I don't even remember what made me first want to read it, because I have never been a big reader of fiction. Non-fiction, history, sociology, biographies: those I can devour with barely any knowledge on the subject. But for some reason, novels have always been a tough slog for me.


But for whatever reason, The Razor's Edge spoke to me in a way no other book ever has, and eventually I started collecting different editions of it (an idea I first heard of from the recently-late and always-great Forrest J. Ackerman, who owned something like five hundred different editions of Frankenstein). I own hardcover editions, paperbacks, movie tie-in versions, one made for soldiers in WW II (reformatted so it could more easily carried in a back pocket), even one entirely in Hebrew! (I haven't read that one yet)

Every so often, when I get in the mood to read it again, I go on eBay and see if I can find yet another edition I don't have. And once again I found one, a British edition with a different cover on sale for only a couple of bucks. A few clicks later...

Which brings me to the piece above (way above--jeez, I'm talking a lot here), where I imagined what would I do if I had the chance to design a cover for the book.

I tried several different takes on this basic theme, and eventually I settled on this, simple and clean, with the addition of the book's epigram ("The sharp edge of a razor is difficult to pass over; thus the wise say the path to Salvation is hard.")

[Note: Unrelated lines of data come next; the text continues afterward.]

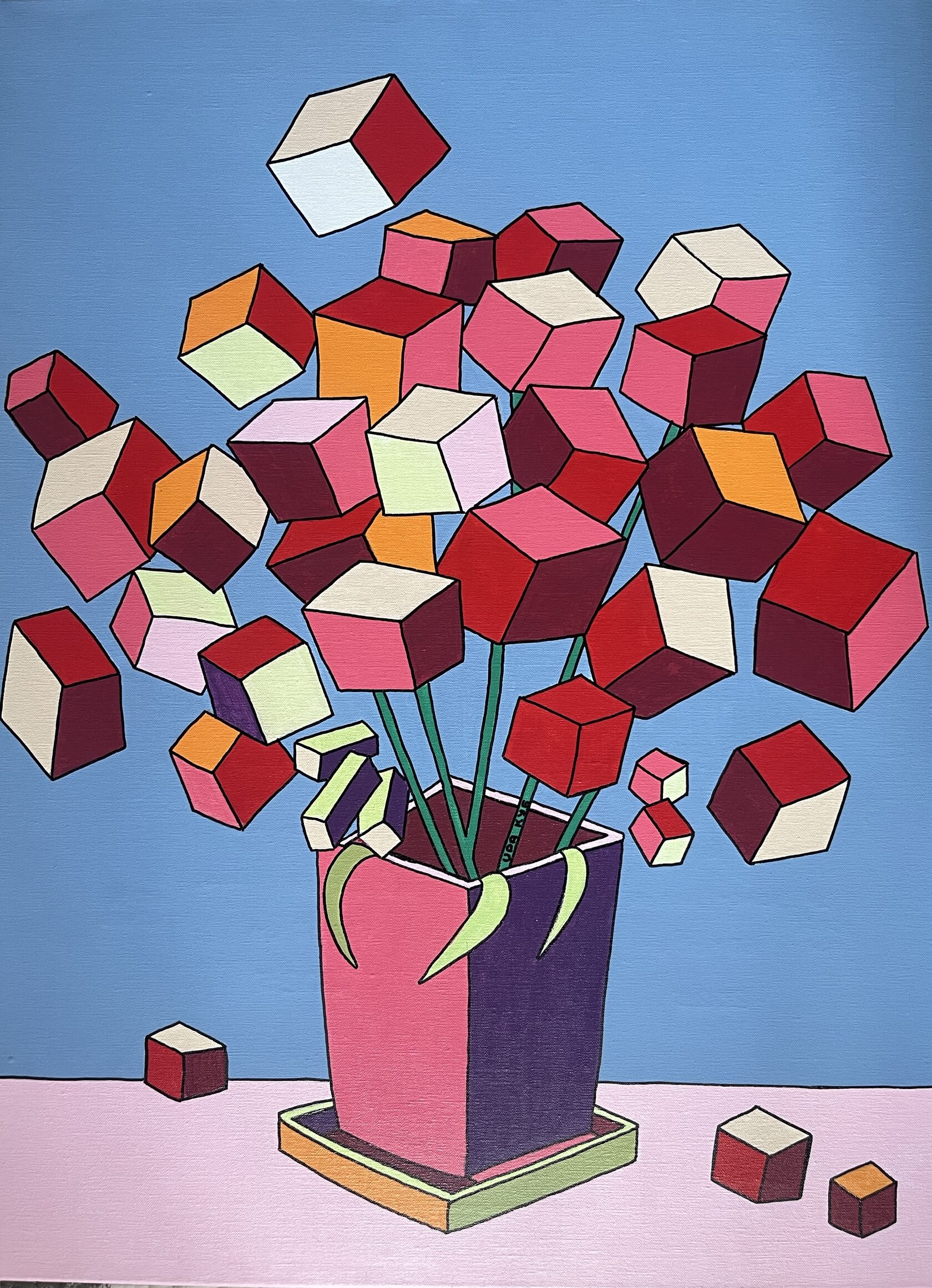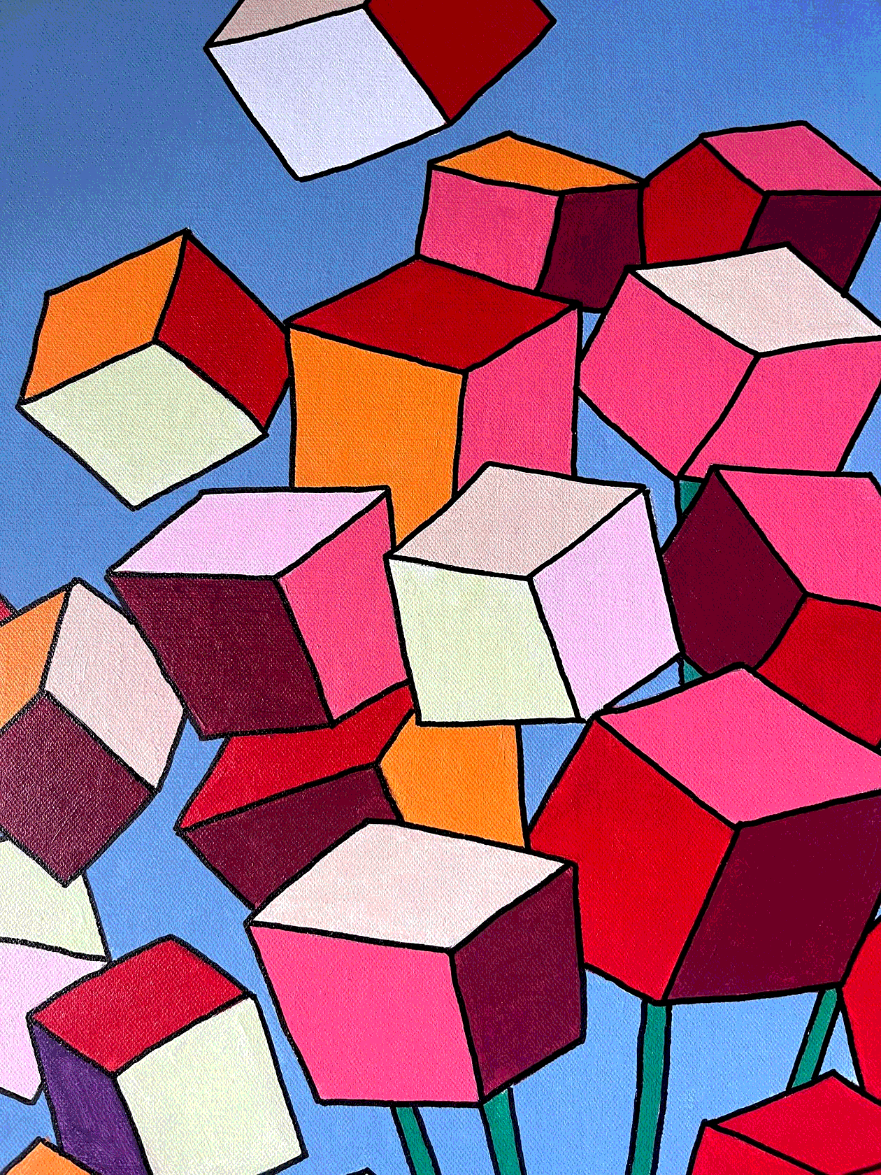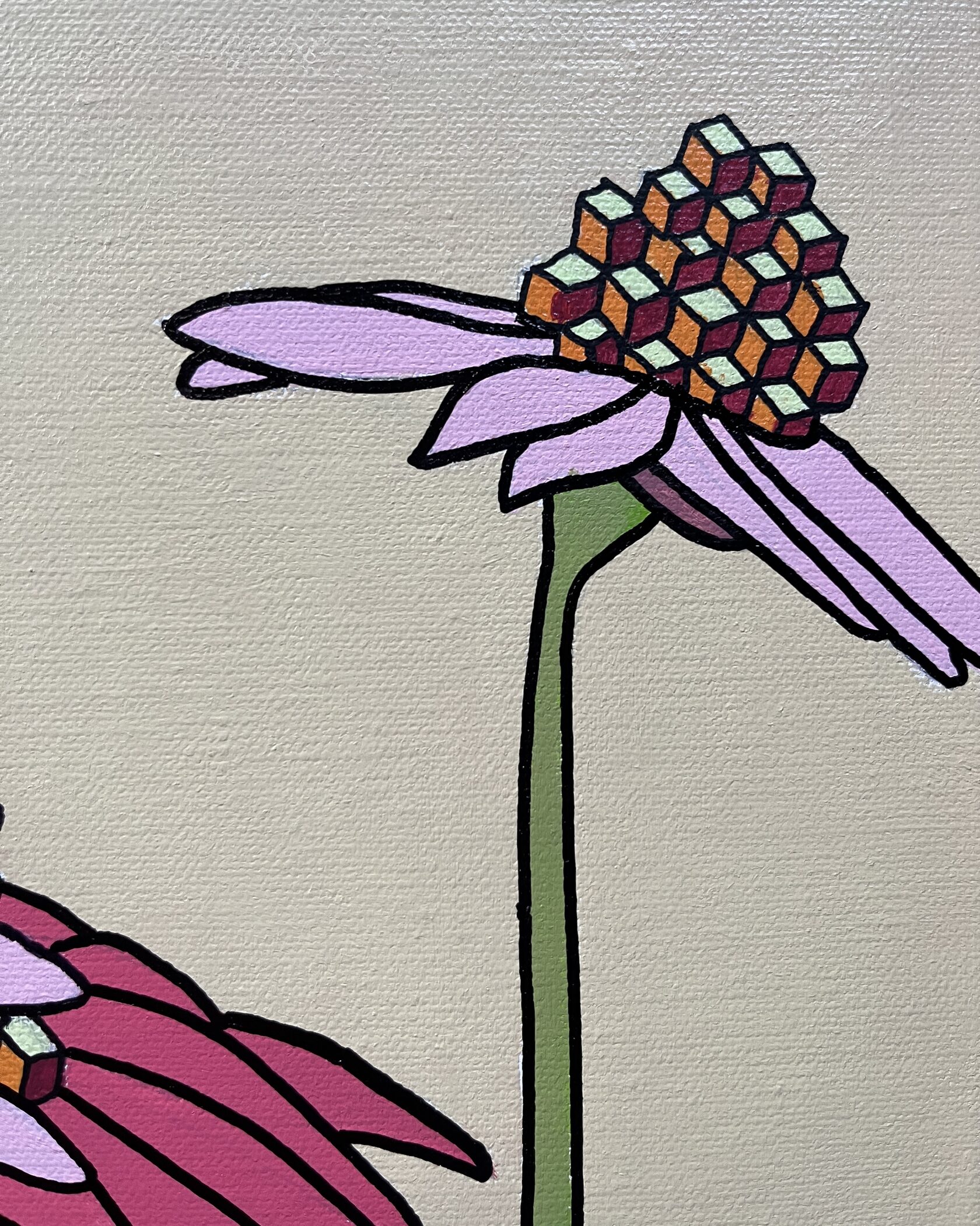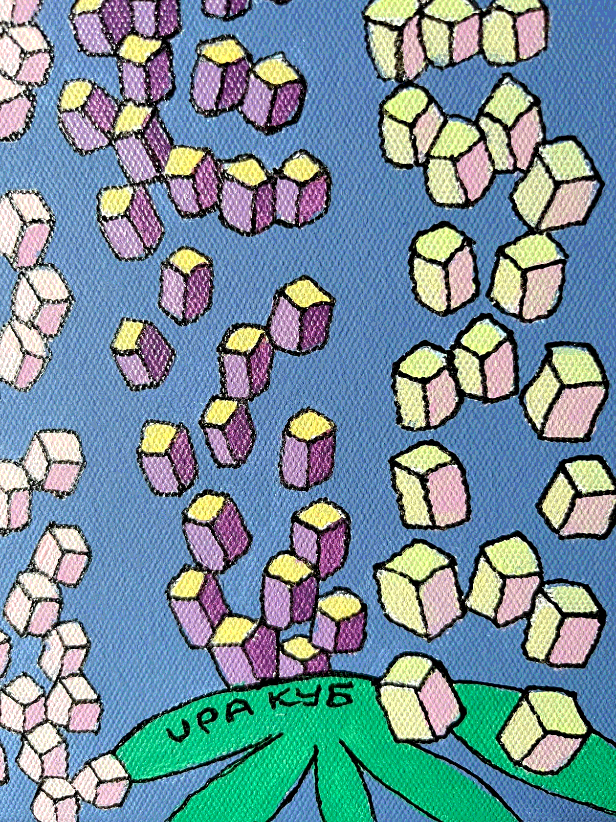 На картине в характерной стилистике поп-арта в нежной розово-лиловой гамме изображены соцветия люпина в виде каскада кубиков. Торцы оформлены автором вручную, оформление в багет не требуется.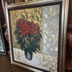 Textured painting of a poinsettia signed "MANSFELDOVA$300Fort Lauderdale, FL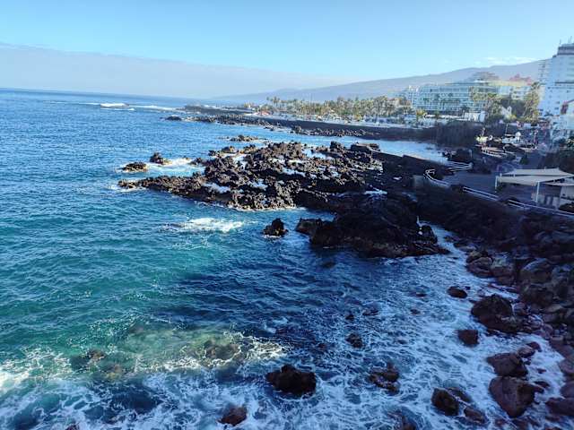 Dort, wo die Calle Quintana auf die Calle de Santo Domingo trifft und wo man zur Calle de San Telmo kommt, hat man einen tollen Ausblick auf die Küste und den Atlantik. Besonders beeindruchend ist dies, wenn die großen Wellen in die kleine Bucht „rollen“, diese sich dann an den Felsen brechen und die Gischt mehrere Meter hoch schießt. Es ist zweifellos mein Lieblingsaussichtspunkt in Puerto de la Cruz.

At first, I had the blue boxes stretched all the way off the edges of the picture, but then I saw that it made it look more like water, and that the man walking was walking on water, which of course brought up all kinds of inappropriate associations (the book even features a part ultimately dismissing that particular kind of miracle), so I had to reign the colors back in a bit, which I think ends up looking better anyway.

I'm almost done my latest read through of the book, and who knows? Maybe some day, if the stars align, the book's publisher will want to put a new edition, and need a new cover for it...


2 comments:

Craig Zablo said...

Thanks for the thoughtful post and excellent art. I especially liked...

"Every so often, when I get in the mood to read it again, I go on eBay and see if I can find yet another edition I don't have."

What a cool idea!

Zoe Nicholson said...

20. It is so worthy of 20. And we are the better for it.
May I suggest Hesse's Journey to the East? it is in the ballpark.